To a small front office, a desk, but no one at it. In a back room, neither large nor very well appointed, two uniformed men sat on a sofa that was obviously a retread from some other part of the White House. One, hunched forward till his uniform jacket hooded over his bull neck, was a buzz-cut, broad-shouldered Marine lieutenant colonel. His large yet startlingly delicate fingers held pages from a loose-leaf binder. The other was Mike Jazak, the Army officer Dan had met jogging with De Bari. They exchanged nods.
“They tell me I’m going to be working over here,” he said, extending his hand as the light colonel got to his feet.
The buzz cut grunted. “I just wish not as the Wusso’s replacement.”
Dan nodded.

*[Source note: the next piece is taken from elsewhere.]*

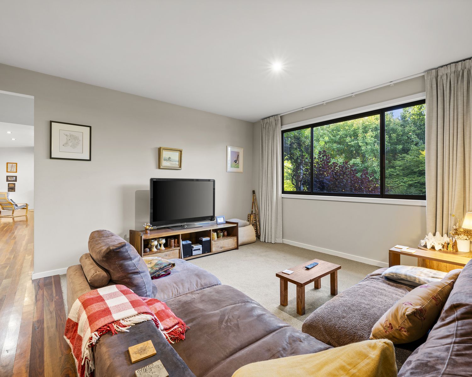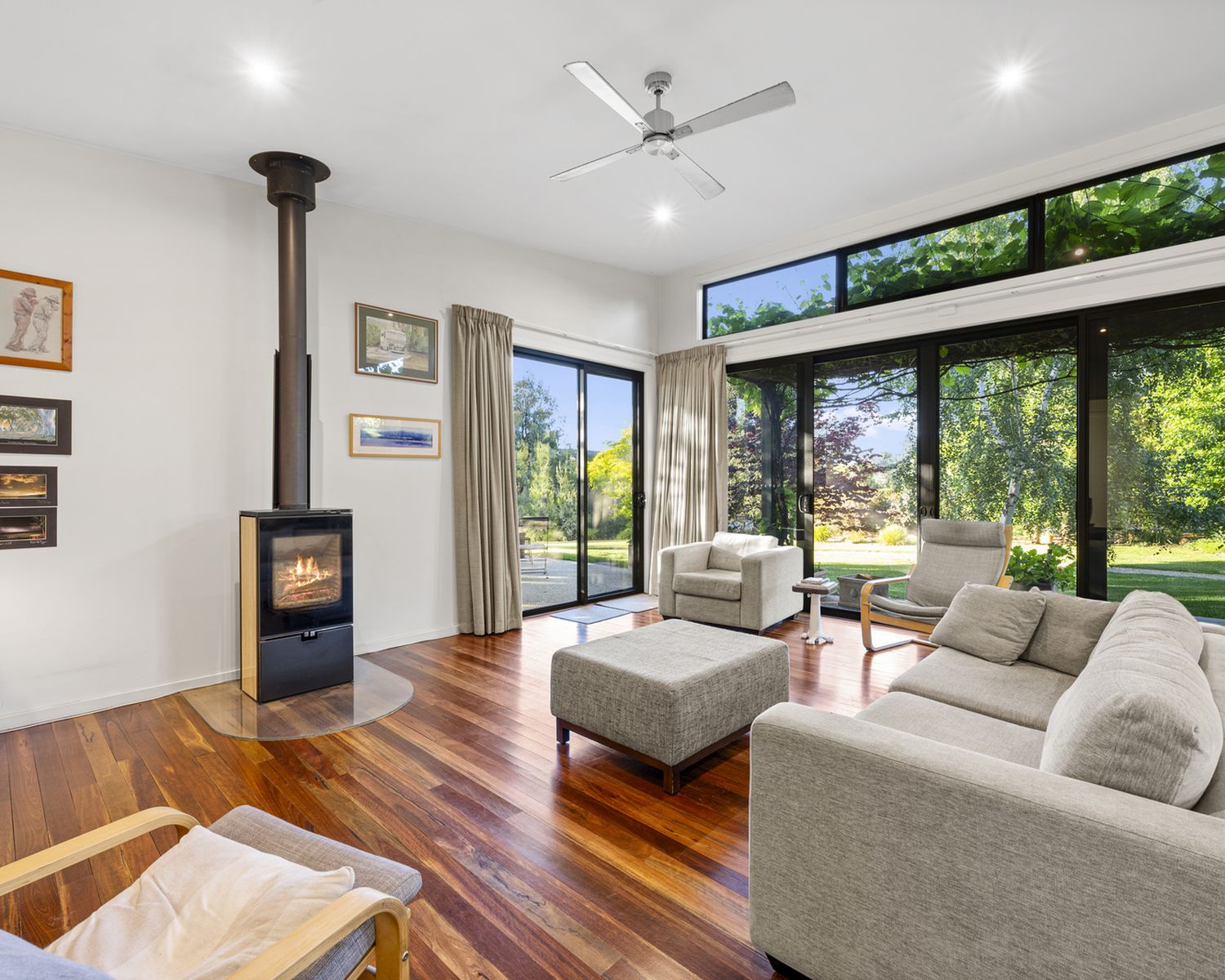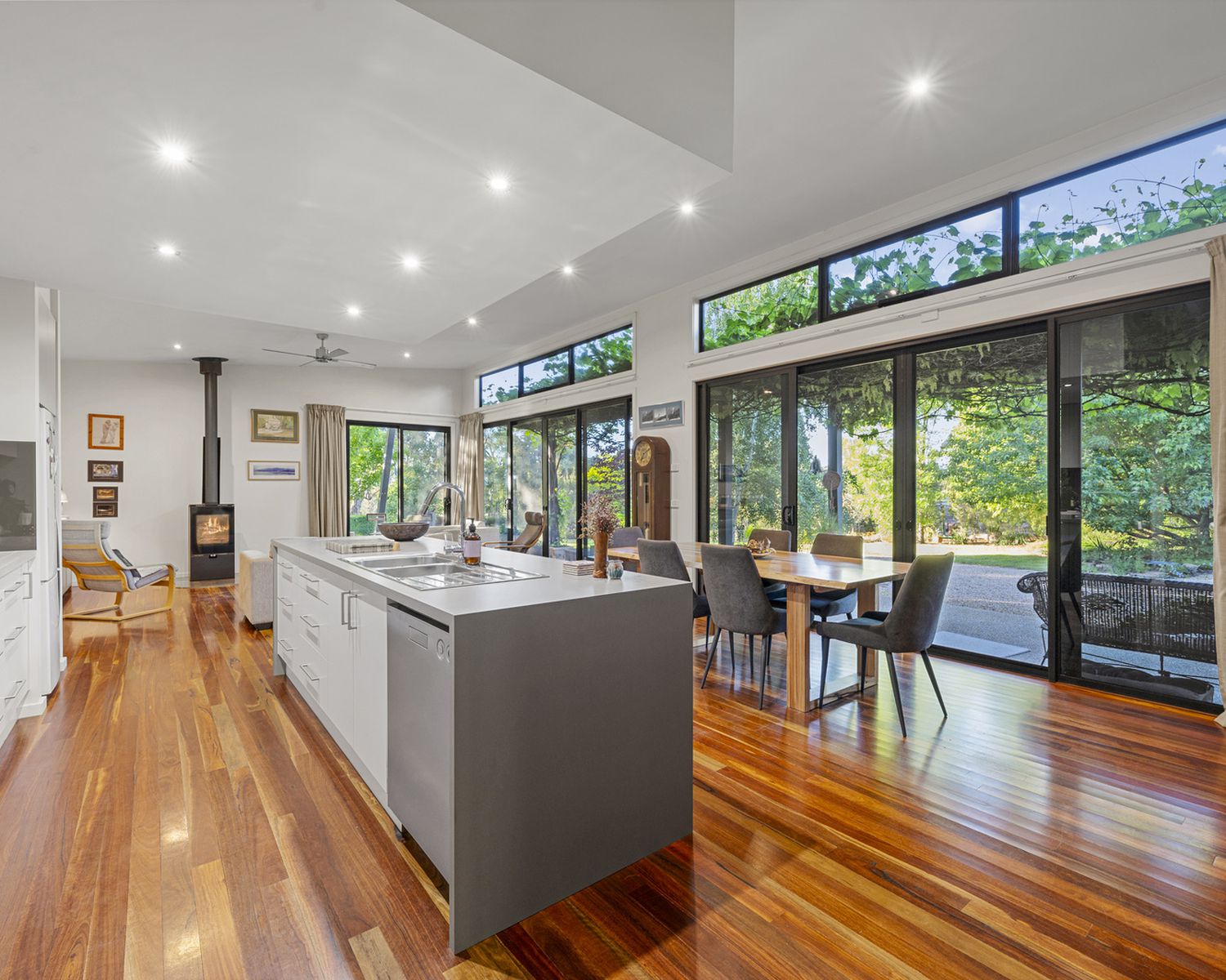 Built by a respected local builder, and architecturally designed by Willick Design, the home is surrounded by established gardens that create a wonderful sense of privacy. The north-facing open-plan kitchen, living and dining area is light-filled and inviting, with views over lush native gardens. Timber floors, extra-high ceilings, a Euro-style wood heater and split system add both comfort and charm.
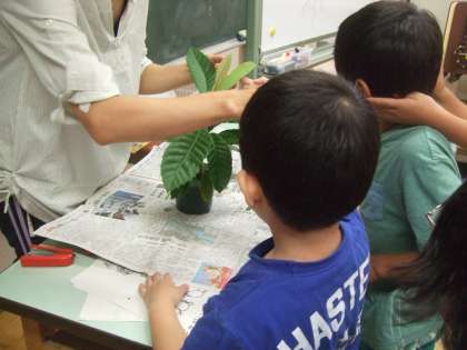 「ここはギザギザしているよ。」「根っこってこんな風になっているのは知らなかった。」など、普段見られない野菜の葉や根の様子を興味深く観察する子どもたちの様子が印象的でした。

Moncure “Wusso” Pusser had been the president’s Navy aide until two days ago, when a hit-and-run driver had connected in the lower level of the Pentagon City Mall parking garage. Now he had a broken hip and might not, Bethesda said, ever fly F-18s again.
If not for that, Dan thought, he might be off the Eighteen Acres entirely. First the Nuñez and Tejeiro affairs. Then Srebrenica, news the administration hadn’t wanted to hear. Last, but not least, the way he’d gone through the guardrails about what was already being called the Louisville Incident, the subject of intense attention in Congress and the media. He figured pigeonholing him in the East Wing was part of Holt’s spin. Stopping the terrorists had been a last-minute save by the intelligence agencies and the Guard, protecting America at a discount under the inspired leadership of Robert L. De Bari.

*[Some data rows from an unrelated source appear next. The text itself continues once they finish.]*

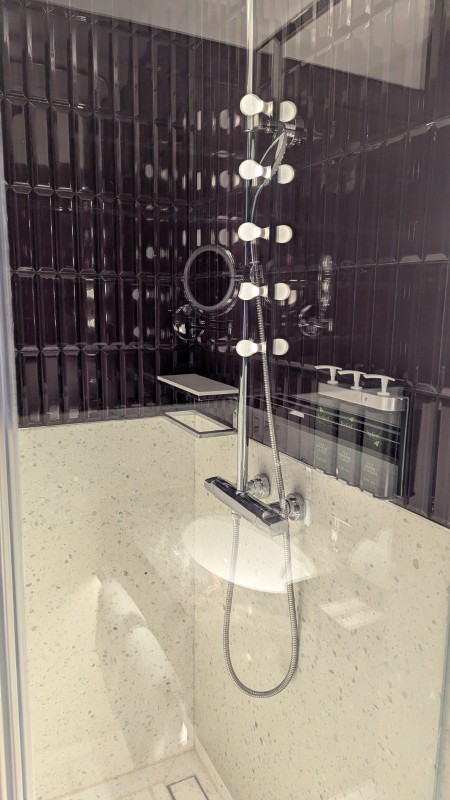 ※シャワーブースに洗面所のライトが映り込んでしまいました。
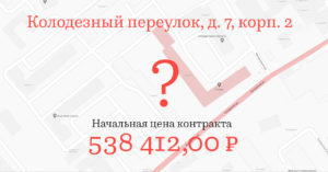 Она обнаружила на портале госзакупок опубликованный «Жилищником» района Сокольники тендер на ремонт подъездов в несуществующем доме. Вернее так: в тендере указан адрес Колодезный переулок, 7, корп. 2. Однако такого адреса не существует — дом с такими координатами есть только на Колодезной улице.
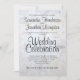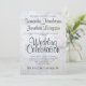 Este belo convite para o casamento apresenta um texto negro sobre um fundo de reflexo de flores brancas de pénia e corações com ondulações e ondas de reflexões. É clássico e moderno, e é uma maneira maravilhosa de convidar convidados a compartilhar a celebração do seu dia especial. O texto apresenta letras negras em uma fonte moderna de script.

“I’m Chick Gunning,” the marine said. “Senior mil aide. Let’s go on down to the PEOC, and we’ll start your briefing-in.”
“The fact that the potentially disastrous consequences of your glory hunting did not occur can’t excuse operating outside normal procedures,” Gelzinis had said coldly at the termination interview. They were in the assistant’s eight-by-ten office adjoining Mrs. Clayton’s. “We’ve had our differences, you and I, but this is beyond personal. Procedures are there for a reason. They reflect statutory limits on the executive side and, most particularly, on the executive staff. General Sebold briefed you, first day you were here, on our standards. Did he not?”
“I was warned,” Dan said.
“Well, when a member violates those — the reason, good, bad, or indifferent, that’s beside the point — he’s violated the trust Congress and the people placed in us. You’ve been cautioned before. Failed to exercise restraint. Therefore—” He finished with a symbolic handwashing.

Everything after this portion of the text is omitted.